Breakdown of ethylene glycol dinitrate (EGDN) in blood in vitro results in the liberation of inorganic nitrite and ethylene glycol mononitrate (EGMN). The nitrite is oxidized to inorganic nitrate but the EGMN is more resistant to further degradation.
Similar metabolites are produced during the metabolism of EDGN in vivo. The nitrate is excreted in the urine and accounts for 60% of the injection. The EGMN released is almost completely metabolized, since only 1·5% of the injection can be detected as EGMN in the urine. Breakdown of EGMN in vivo is confirmed when the compound is injected; less than 0·5% is recovered as EGMN in the urine. Nitrite is released and oxidized to nitrate which is then excreted in the urine and accounts for 57% of the injection.

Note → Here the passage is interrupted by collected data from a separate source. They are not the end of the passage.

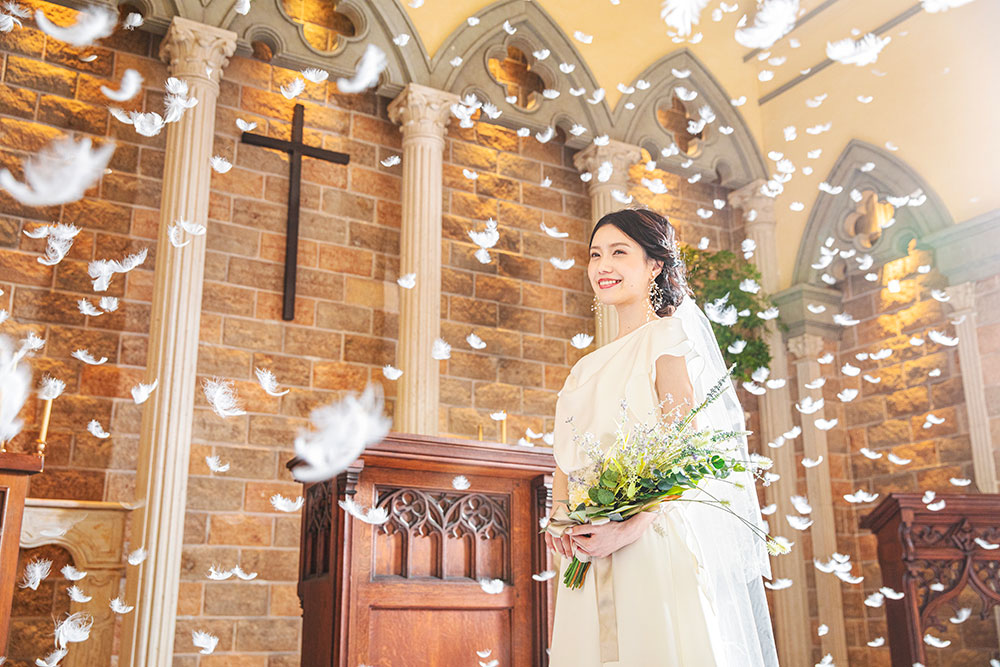 館内にある本格的なチャペルでの撮影が追加料金なしでご利用いただけます。天井高10メートルを誇る県下最大級の大聖堂『聖マリエール大聖堂』で、荘厳な雰囲気の中、おふたりの特別な瞬間を美しい写真に残しませんか。専門結婚式場ならではの充実した設備で、思い出に残るフォトウェディングをお手伝いいたします。
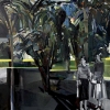 The composition is dominated by dense dark foliage, which hangs thickly over the scene, creating the feeling of a shady, humid space, possibly a greenhouse or park. The green and dark blue tones are applied with broad, confident strokes that emphasize the texture of the leaves.
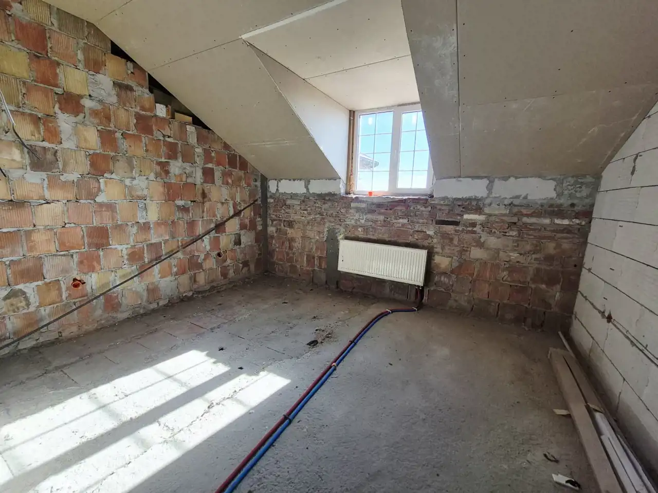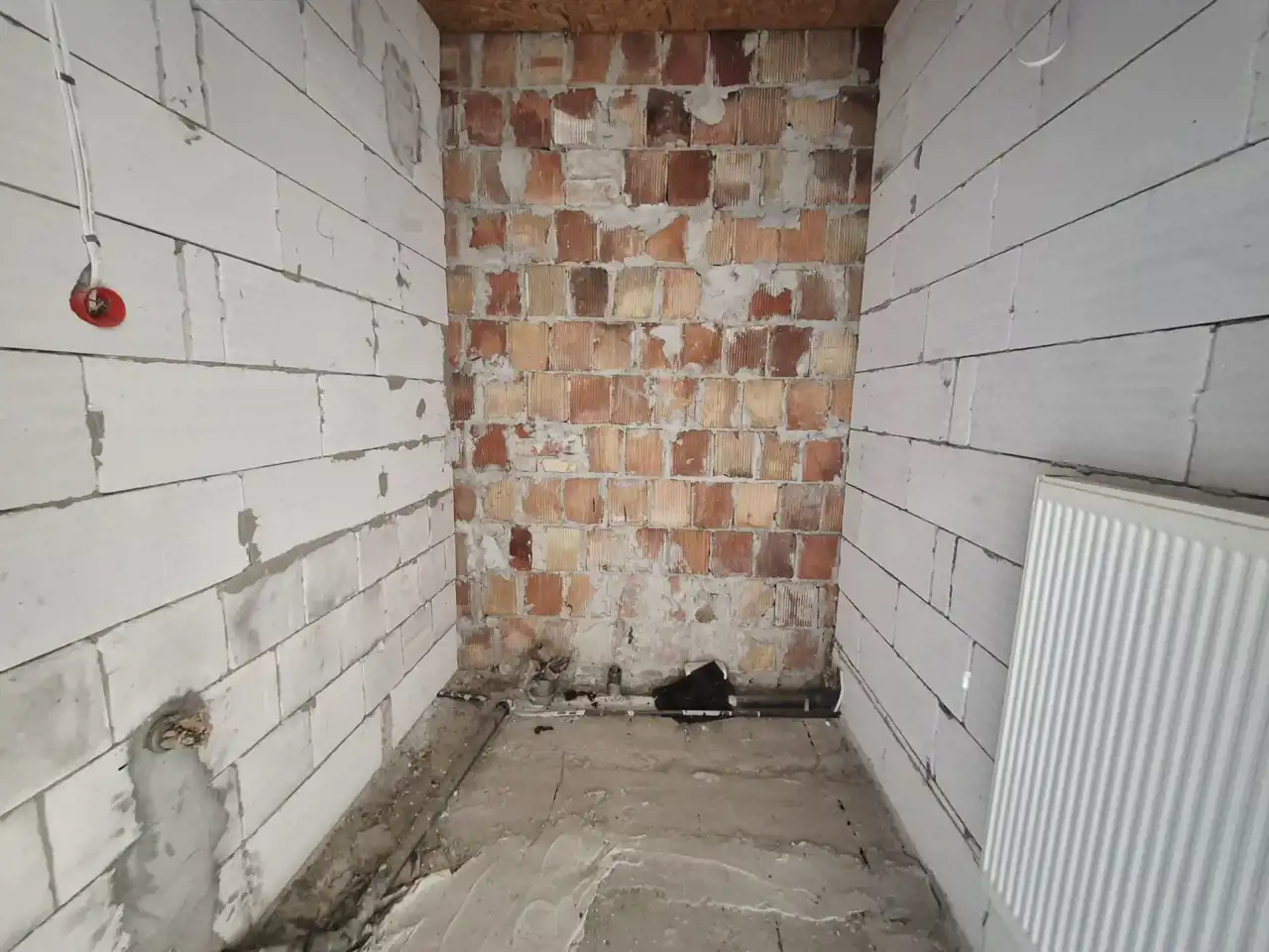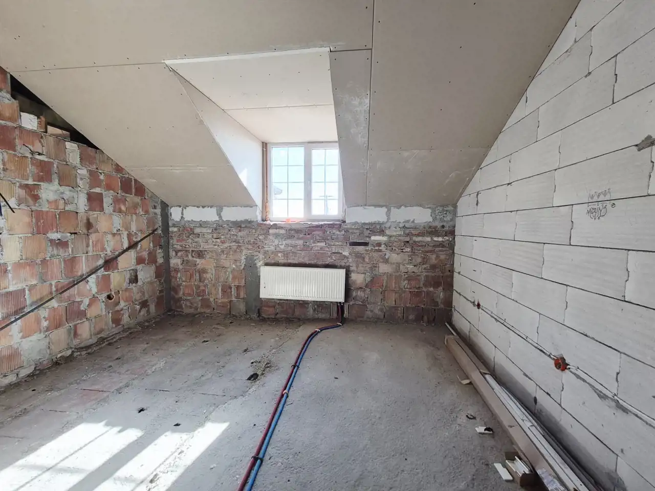 - Ściany z czerwonej cegły, ocieplone warstwą 15 cm styropianu, gwarantują doskonałą izolację termiczną i akustyczną,
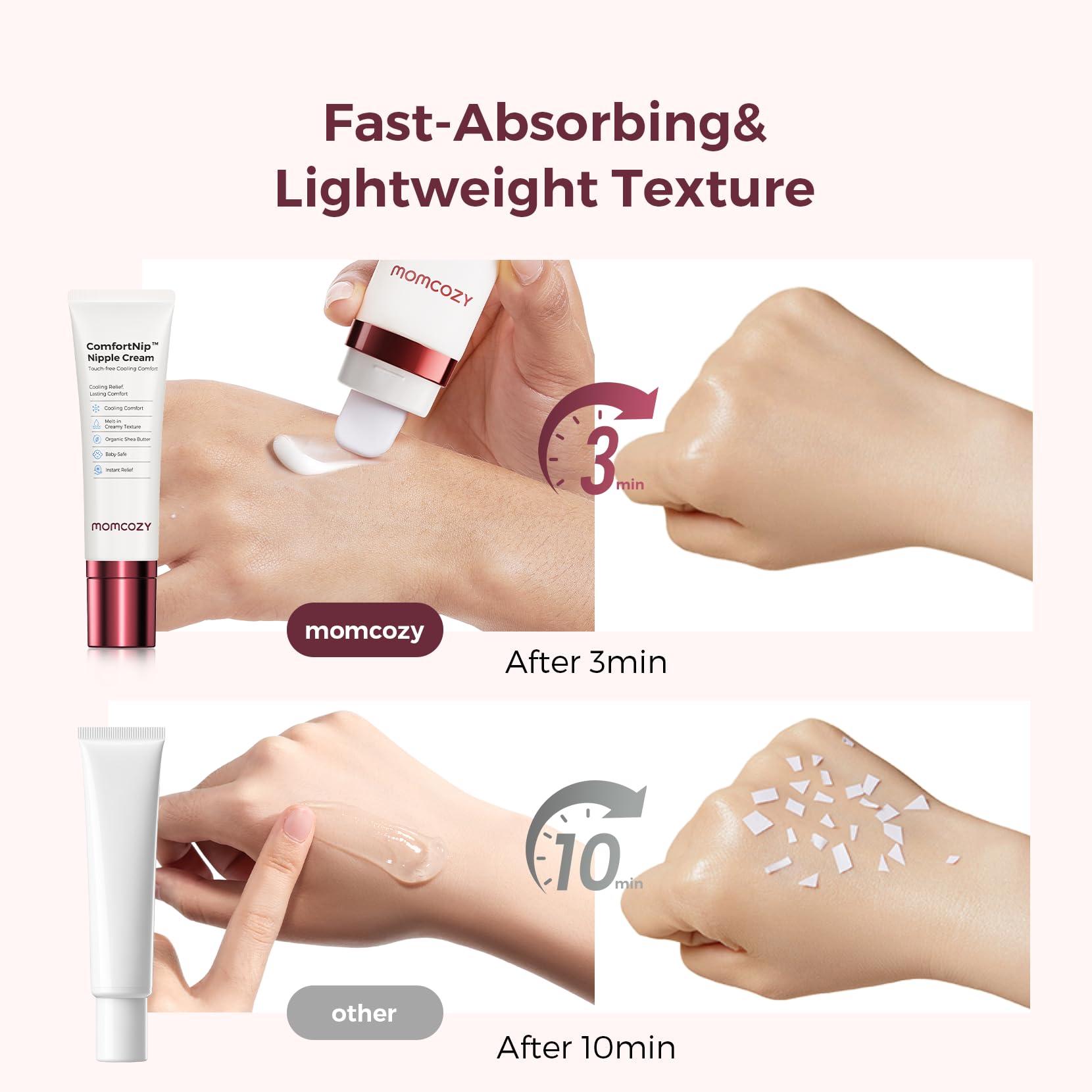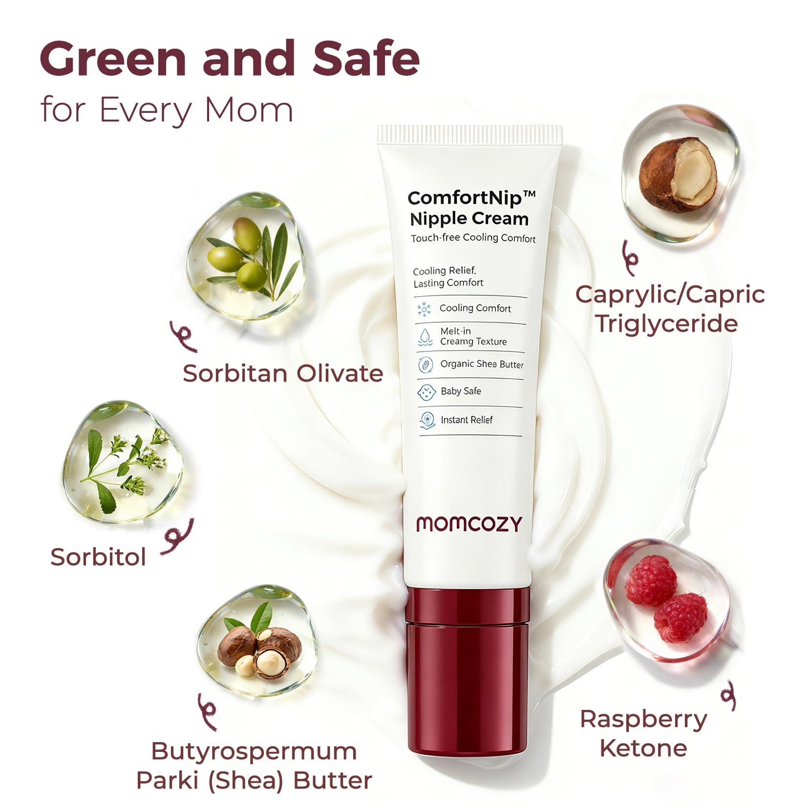 Mom & Baby-Safe Formula with Gentle Ingredients:Momcozy nipple cream safe for breastfeeding features Aqua (gentle base) and Sorbitol (moisturizing) to soothe delicate skin. Rigorously tested, free of lanolin (no lanolin nipple cream), petroleum, preservatives & fragrances—safe for postpartum moms, no residue worry.

An injection of EGDN or EGMN causes a fall in blood pressure lasting several hours, EGDN being more effective. Since the fall in blood pressure and the concentrations of EGDN and its metabolites in the blood have been determined simultaneously, a correlation between blood pressure and blood concentrations has been attempted. It is suggested that the fall in blood pressure after an injection of EGDN could be the resultant of the actions of EGDN, EGMN, and nitrite. The initial fall in blood pressure may be due to the intact molecule of EGDN followed in turn by the effects of nitrite and EGMN released during the breakdown of the EGDN molecule.